Courtesy: Curtis Thompson
After suicide attempts, Army vet Curtis Thompson's doctor at the V.A. recommended he get a service dog. But the $20,000 price tag was too expensive. So Team Foster came to his aid, finding Juno as a puppy and paying for the dog's training.

“I couldn’t believe they had a dog for me. He was little! He looked like he was sad, but was so cute," recalls Thompson.

While Thompson had dogs before, Spence “is totally different," says Thompson. “He reads me, picks up on my anxiety attacks, or when I’m feeling down or can’t get out of bed. He sleeps next to me and will put his paw on me [if a panic attack creeps up]."

Thompson’s wife confirms his nightmares have ceased since Spence came to live with them.

“C’mon Dad, Lighten Up”

Team Foster is an all-volunteer 501(c)(3) founded by local attorney and former JAG officer Nick Liermann in honor of his friend U.S. Army Capt. Erick Foster, who was killed in action in 2007. Liermann is Team Foster’s sole funder and creates innovative events to raise money for the nonprofit. Last year, Team Foster raised over $180,000.

The latest fund-raiser, called Ruff Ride: 24-hour Spin Relay, took place May 31 to June 1. Teams volunteered to man a spin bike, then riders took turns keeping the bike spinning for 24 consecutive hours. The event was held outside at One Commerce Square, 2005 Market St in Philadelphia., and featured spinning scores displayed on a jumbotron, music, food, and visits from service dogs and puppies in training. Another fundraiser is planned for September 14, 2019.

Thompson continues to train with Spence. They spend every hour in each other’s company and together they’re learning how Spence can retrieve things like medicines and cellphones.

“Sometimes I ask Spence, ‘How do you know how I’m feeling?’ But he just knows,” he said. “He’ll put a paw on my arm and give me a look, like ‘C’mon dad, lighten up.’ And I do.”

Arthur “Sonny” Wimberly was one of the first graduates of the Cells-2-Service program in 2018. His service dog is Juno, a husky mix. For two years they’ve been training together to learn increasingly complex tasks.

Arthur Wimberly, a U.S. Army veteran, speaks about his service dog, Juno, during the third Friends for Vets service dog graduation ceremony at the Camden County Correctional Facility in Camden, N.J., on Monday, Dec. 10, 2018. The program allows inmates to train service dogs, which are they given to military veterans. Juno, who graduated earlier this year, was the first dog to come out of the program.
TIM TAI / Staff Photographer
Arthur Wimberly, a U.S. Army veteran, speaks about his service dog, Juno, during the third Friends for Vets service dog graduation ceremony at the Camden County Correctional Facility in Camden, N.J., on Monday, Dec. 10, 2018. The program allows inmates to train service dogs, which are they given to military veterans. Juno, who graduated earlier this year, was the first dog to come out of the program.

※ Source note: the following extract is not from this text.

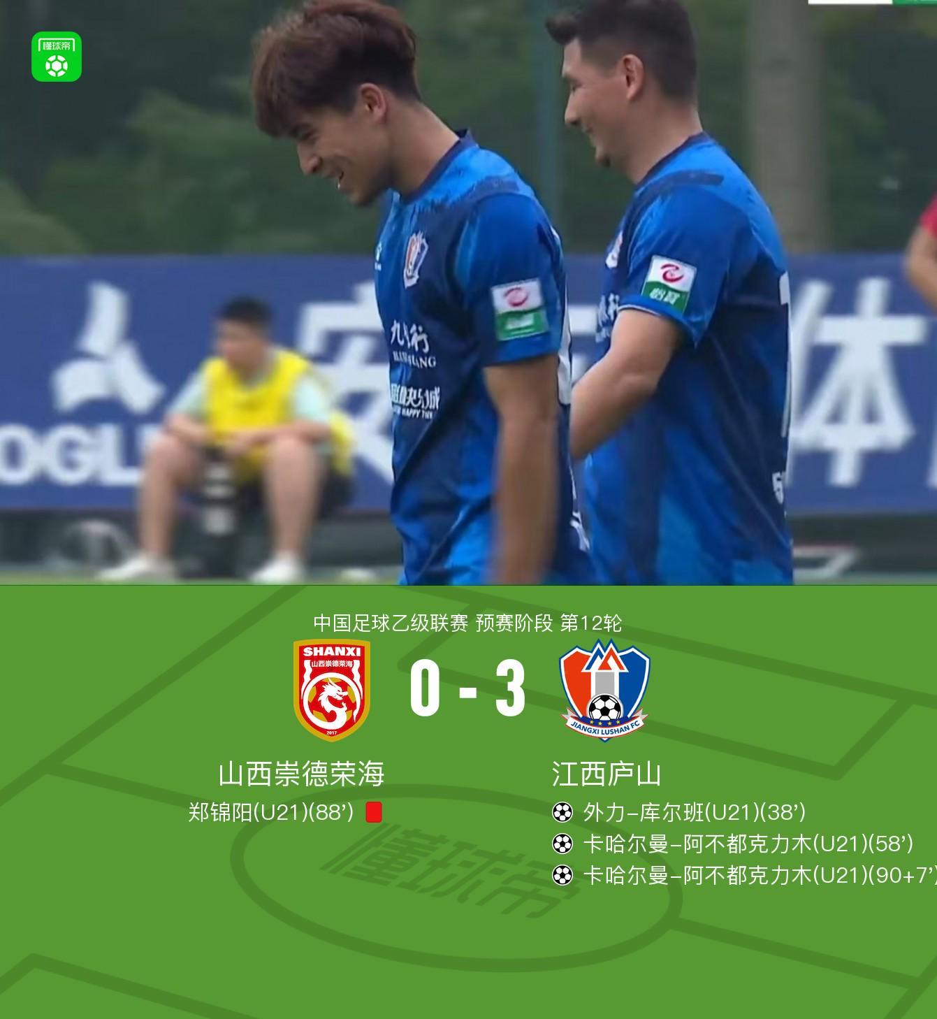 北京时间5月31日中国足球乙级联赛 预赛阶段 第12轮,山西崇德荣海主场对阵江西庐山。上半场江西庐山外力-库尔班破门,下半场卡尔哈曼将比分优势扩大,郑锦阳染红,补时阶段,卡尔哈曼再入一球,全场战罢,江西庐山3-0战胜山西崇德荣海。

Wimberly, a Vietnam-era Army veteran who has multiple sclerosis and uses a wheelchair, says that Juno is like "a second spouse. He’s really good at finding stuff. I hide things and he finds them, and that reinforces [to him] that he can smell it, identify it, and get it from the guest room, even from under a blanket.

“I’m working on exit signs with him right now, so Juno can determine where to take me out the building,” says Wimberly. “I point to the sign, and he barks. He’s identified the sign, and when I say ‘out’, suddenly he’s looking for a handicapped door, and he pushes that big door button."

Team Foster’s Liermann is most proud of the fact that “we bridge the civilian-military divide. With less than 1 percent of our community serving, a chasm has developed. Much of our country believes our veterans are either door-kicking, Rambo-like heroes or broken and scary remnants of their former selves. The reality is that 90 percent of veterans fall squarely in the middle.”